Like the travel industry as a whole, short-term rental companies have been devastated by the coronavirus pandemic and travel stoppages. Though the largest of the bunch, Airbnb, still reportedly wants to go public this year, its revenue is down nearly 70% year-over-year, Bloomberg reports.

Smaller competitors have been similarly decimated. After deciding to close temporarily, Stay Alfred shuttered permanently in May while rival Lyric, too, has been forced to shutter most of its locations

The situation has made entry into the Bay Area housing market, where demand is easily counted on, increasingly appealing, according to Hattemer. He said Onerent has seen a surge in interest from owners that had master-lease agreements with companies like Zeus Living, a corporate housing startup that often works with independent owners

Rather than negotiating a revenue-sharing agreement, owners are often opting to put units on the long-term market, Hattemer said.

“We have seen some of these owners that didn’t want to do a revenue-sharing agreement just move back to a more stable, long-term lease option with a tenant," he said. “They figure, why risk the revenue-share model and face downside on vacancy when I can just kind of guarantee my income passively?”

More units becoming longer-term rentals would be a welcome sign for housing advocates, many of whom have decried master-lease agreements by short-term rental companies as eating away at would-be housing solutions. But the implications on the Bay Area rental market of such a trend could be limited, Hattemer and CoStar Bay Area Director of Market Analytics Jesse Gundersheim said. 
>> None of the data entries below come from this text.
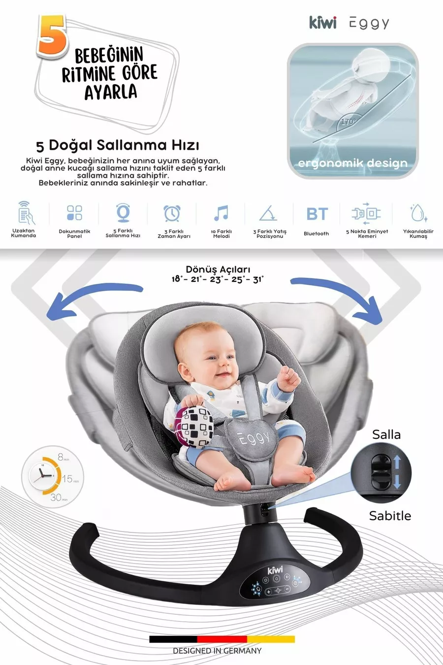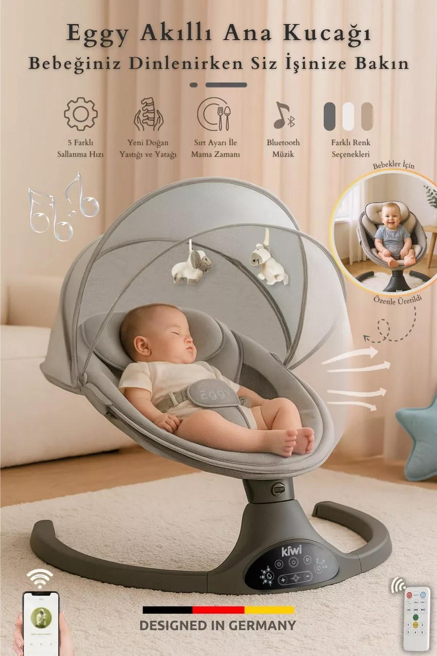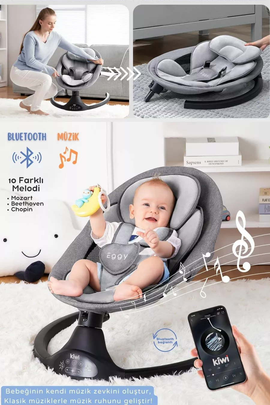 Eggy Plus Elektrischer Automatischer Schaukelstuhl für Babys, 5 verschiedene Schaukelgeschwindigkeiten, Spielzeug Silber-Grau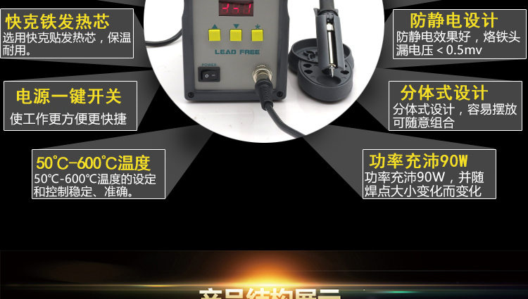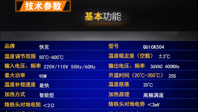 原装QUICK快克504 数显无铅烙铁 高频涡流发热无铅电焊台 90W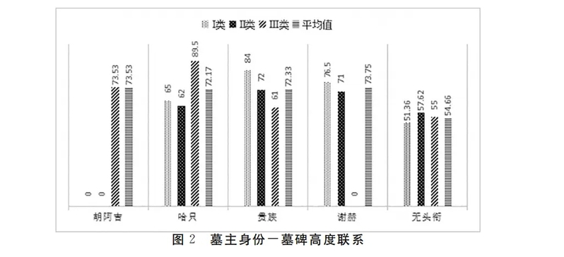 总的来说,三类墓碑在早期通常使用刮刻,整体质感较为粗糙;而在晚期不论在材质还是雕刻工艺上都更为精致,且不少墓碑表面磨光。然而,虽然研究者普遍认为元代伊斯兰教墓碑在形制上没有遵循统一的范式,且上述三类墓碑高度范围上大致重合,但身份显赫者,如胡阿吉、哈只、谢赫、贵族的墓碑,一般要比同类型的普通穆斯林墓碑高出许多,图2显示了不同身份的三类墓碑的高度差异。可以看出,地位显赫者之间的墓碑高度并无明显差异,但其墓碑高度平均高出无头衔者墓碑约15-20厘米,这一将墓主身份地位和墓碑高度联系的传统似乎来自塞尔柱时期的土耳其阿赫拉特地区,后逐渐运用在印度德里苏丹国和东南亚各地。

Though Hattemer said Onerent alone has seen 300 to 400 Bay Area short-term rentals put on the long-term market, once travel normalizes, many owners will likely aim for the higher daily rates earned by short-term rentals, he said.

"Overall, we're thinking this is may be a blip trend," Gundersheim said in an interview with CoStar Senior Market Analyst Marco Cugia

Even so, Airbnb said in April that it will focus more on longer-term stays. In the meantime, hosts accepting long-term stays through Airbnb have nearly doubled since last year, a company spokesperson said.